February 17, 2012

The Ubiquity of Cuteness

As I write this I am listening to the jaunty lyrics of Alouette in the most recent TARGET commercial, Color Changes Everything (just click to watch)...


(Isn't this potting shed cute?)


which brings me to the topic the Ubiquity of Cuteness, a thought bubble that has been floating around in my head for several days now (not unlike that little French ditty.)


There was a time when one could make a trip to TARGET (or Walmart or the Dollar Store for that matter) and return home, relatively unscathed in the pocket book department.  We, for the most part, stuck to our list and avoided the temptations of Point of Purchase displays and seasonal chotskes.  


We may have to go back a few years, but there was a time when, yes, quite frankly, things weren't just all that cute in the stores we frequented often.


Now   we are accosted by cuteness EVERYWHERE.  

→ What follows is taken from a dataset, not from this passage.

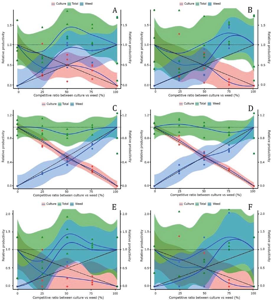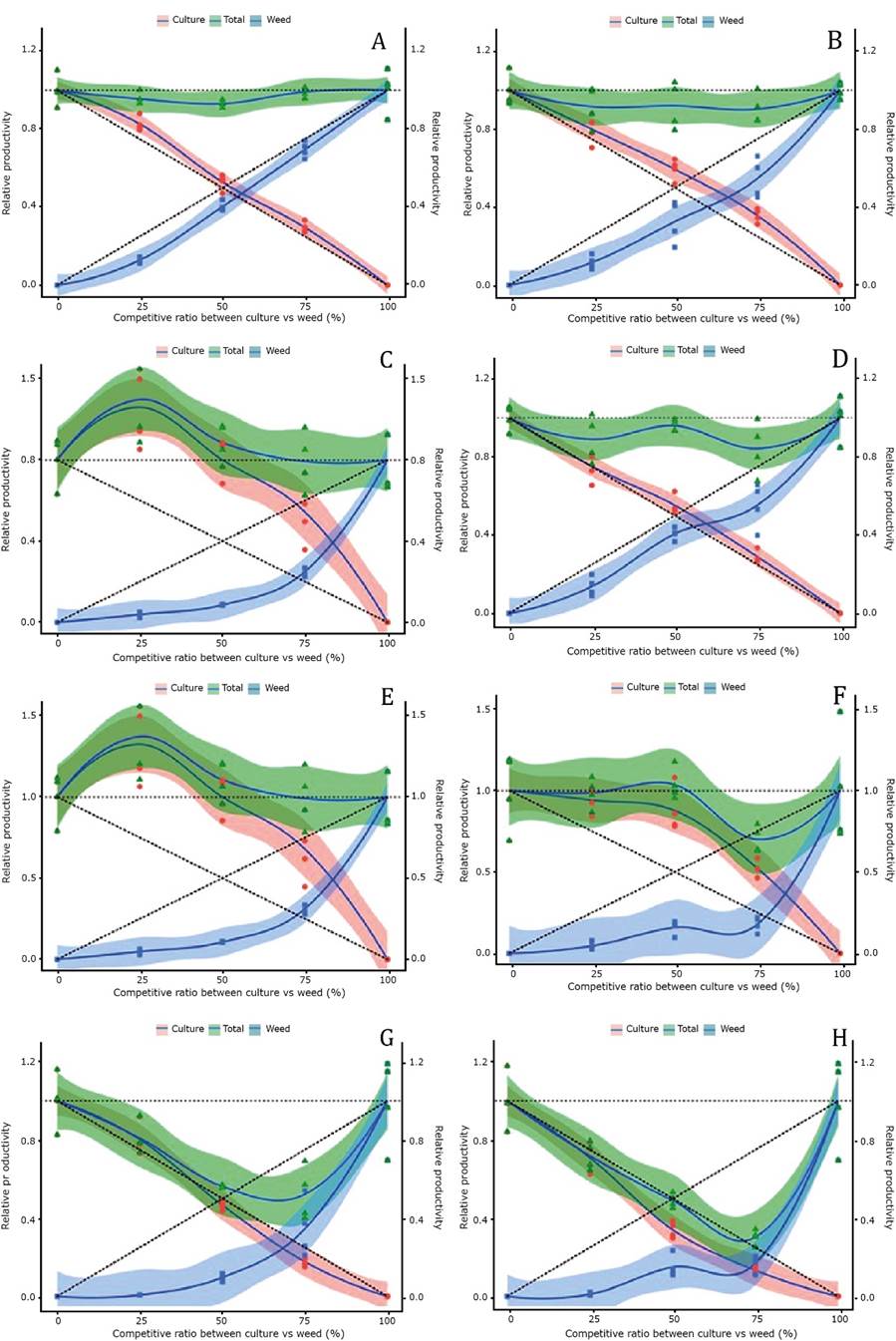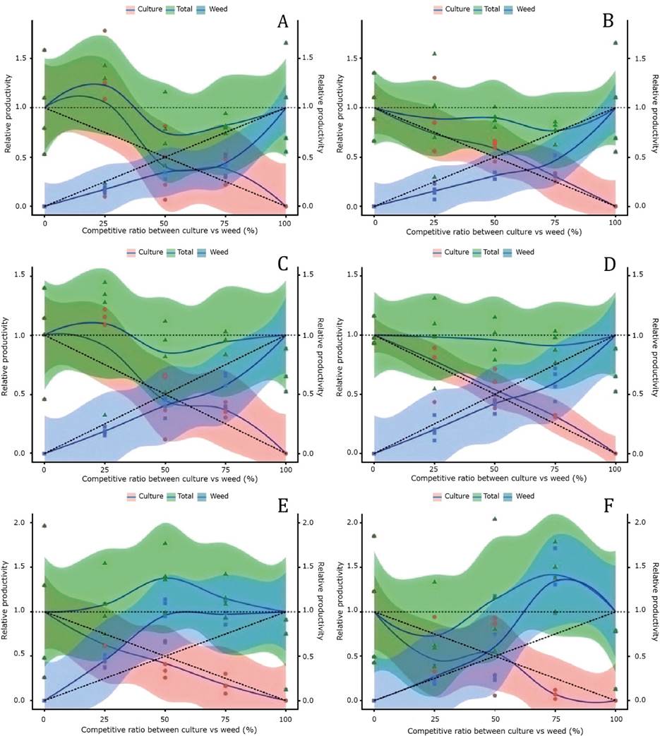 Species living in community may depend on the same resources available in the environment. Therefore, understanding the mechanisms involved in competition in replacement series allows the development of more efficient and sustainable weed management practices. Therefore, avoiding competition is a strategy that allows stronger growth of one species without harming the neighboring species, or even allows stronger growth of both species. Nevertheless, selecting a cultivar with higher competitive ability may have the greatest crop suppression potential against weeds (Frandoloso et al., 2019).
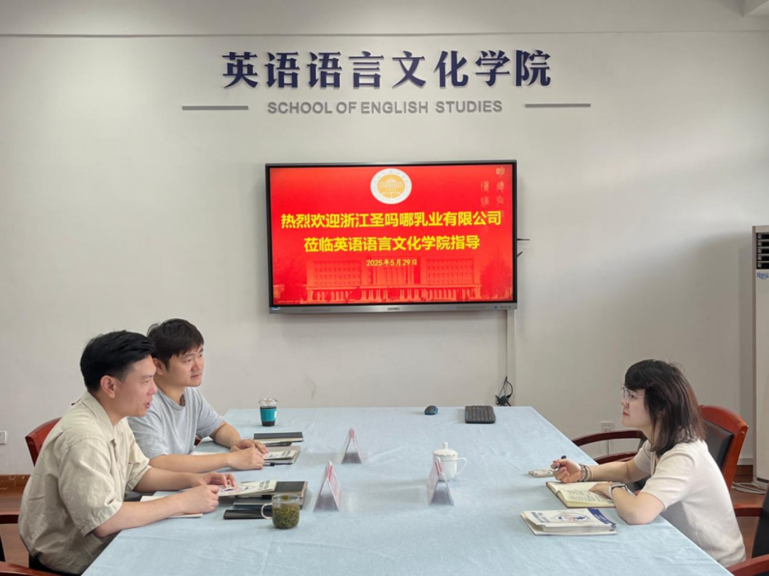 5月29日,浙江圣吗哪乳业有限公司校招经理曾瑒到访英文学院,学院党委副书记、纪委书记欧万彬,学工办负责人顾蒙参加座谈会。双方围绕乳制品行业人才需求、外语类学生职业发展等方面展开深入交流。

One no sooner walks in the door of almost any store than one is overwhelmed by seasonal or thematic  cuteness.  Cuteness in every color, for every age group, for every size, for every weather condition, for every fad, for every hair color, for every gender (well, two anyway)...sometimes edible, sometimes not, cuteness. Customized, colorized, categorized, cleverly-packaged


"Cuteness"

It can be absolutely exhausting, this cuteness.  Enter its pearly gates and checking out just one of its aisles becomes a virtual impossibility.  If the contents of Aisle One are this cute, what might be EVEN CUTER in Aisle Two?  If the office supplies aisle is this charming, what, prey tell, is charming (only in numerous different patterns) in the gift wrap aisle?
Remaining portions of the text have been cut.